Our thoughts: Although there were some problems with image viewing in Chrome, it worked in other browsers. Particularly great are the pull down menu choices that narrow the choices for you based on input. The pull downs helped to quickly make progress and to even validate entries (e.g. OH! Croydon does make sense!)
Global Plants Initiative – Resources for the Digitisation of Herbarium Specimens
Summary: “An international collaboration aiming to digitise and make available plant type specimens, together with other botanical resources, for scholarly purposes. The GPI network of content providers currently includes more than 166 partner herbaria representing over 57 countries.” Interestingly, it’s not herbaria sheets they’re crowdsourcing – it’s signatures and initials of botanists.
Our thoughts: Really neat application, but the explanation of what the site is all about could be clearer.
USGS Patuxent – North American Bird Phenology Program
Summary: Per commenter Sally Shelton, the “USGS Patuxent crew is running what appears to be a very successful crowdsourcing program for digitizing years’ worth of bird observations mailed in from all over the country on postcards for the first half of the 20th century.” Unfortunately we haven’t been able to find any further information on this – additional links would be welcome! Thanks to Jim for the link! We also found this which makes us smile.
Digital Humanities projects
University of Iowa Library – Civil War Diaries Transcription Project
Summary: Simple, straightforward call to aid in transcription of civil war diaries for inclusion in the university’s Digital Collection. Volunteers do not need to register, and progress bars are shown for individual diaries.
Our thoughts: We’d like to know more on rates of use for this project. Are they successfully recruiting volunteers with a relatively low level of user personalization?
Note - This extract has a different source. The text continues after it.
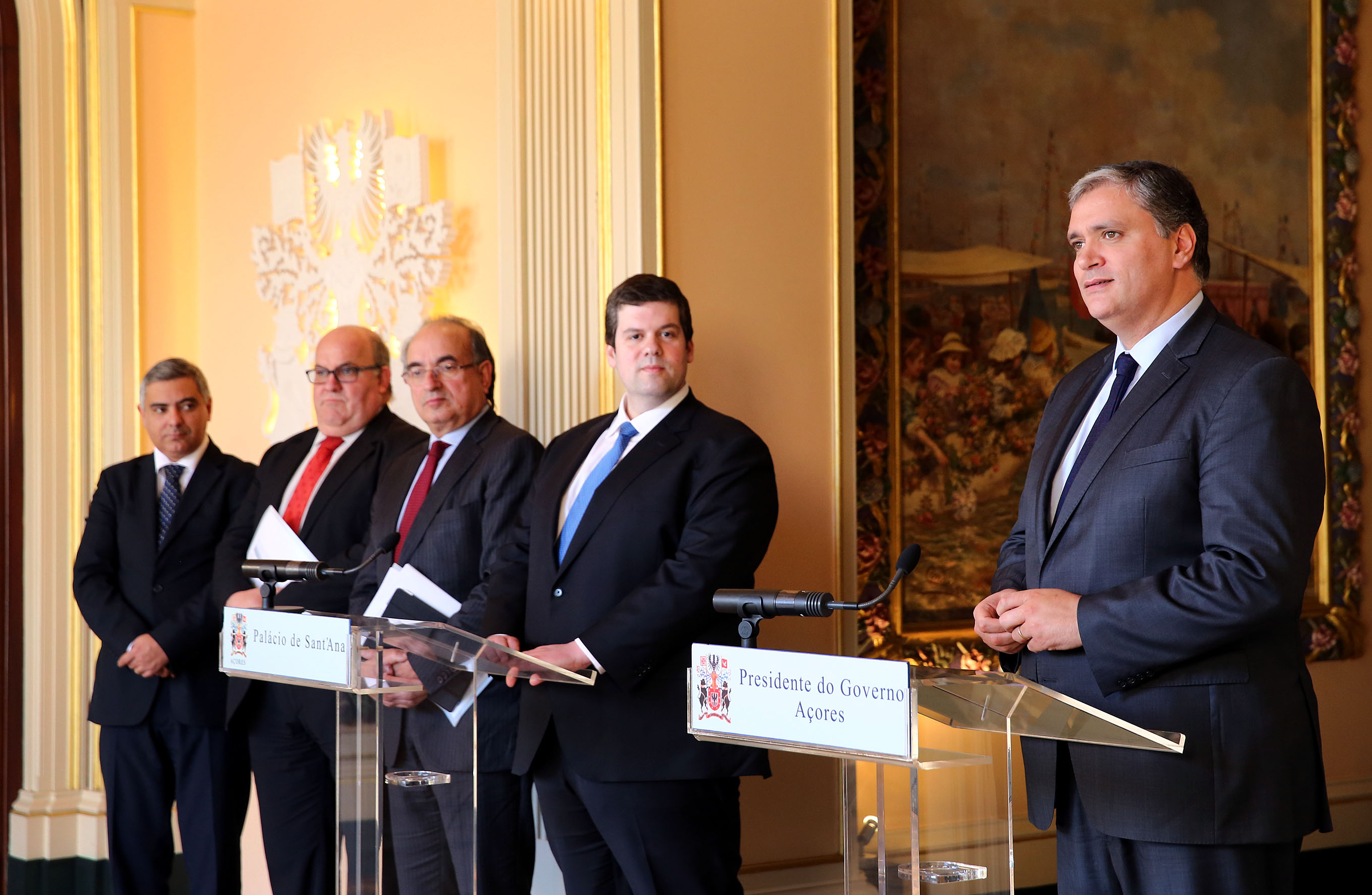 Registo fotográfico do presidente do Governo Regional, Vasco Cordeiro, e do presidente da Associação Nacional de Freguesias (ANAFRE), Pedro Cegonho, em declarações aos órgãos de comunicação social, após audiência, no Palácio de Santana, em Ponta Delgada.

Zooming to help see individual words would be a nice additional function.
National Library of Australia – TROVE
Summary: “Digitized newspapers and more.” Crowdsourced correction of OCR’d newspaper articles. Users log in, search for articles, and are given the opportunity to correct mistakes in the OCR.
Our thoughts:This site has a great interface that helps users track and manage a lot of text both on scanned images and from initial OCR. The site is also a great marriage of users’ need for materials and for those materials to be fit for use. Takes advantage of users’ natural workflow: they search for documents and then are compelled to improve their own dataset for others’ future use. Clever! How could this be applied to natural history digitization?
New York Public Library – What’s on the Menu?
Summary: Help “…improve a unique collection! We’re transcribing our historical restaurant menus, dish by dish, so that they can be searched by what people were eating back in the day.”
Our Thoughts: Neat project! It is, though, a bit of a challenge to reference between transcribed parts of the menu and the scanned image, and the green “checkmarks” can obscure parts of the image. However, the first menu examined had “omelettes with ham, parsley, jelly or rum”. Rum? Really?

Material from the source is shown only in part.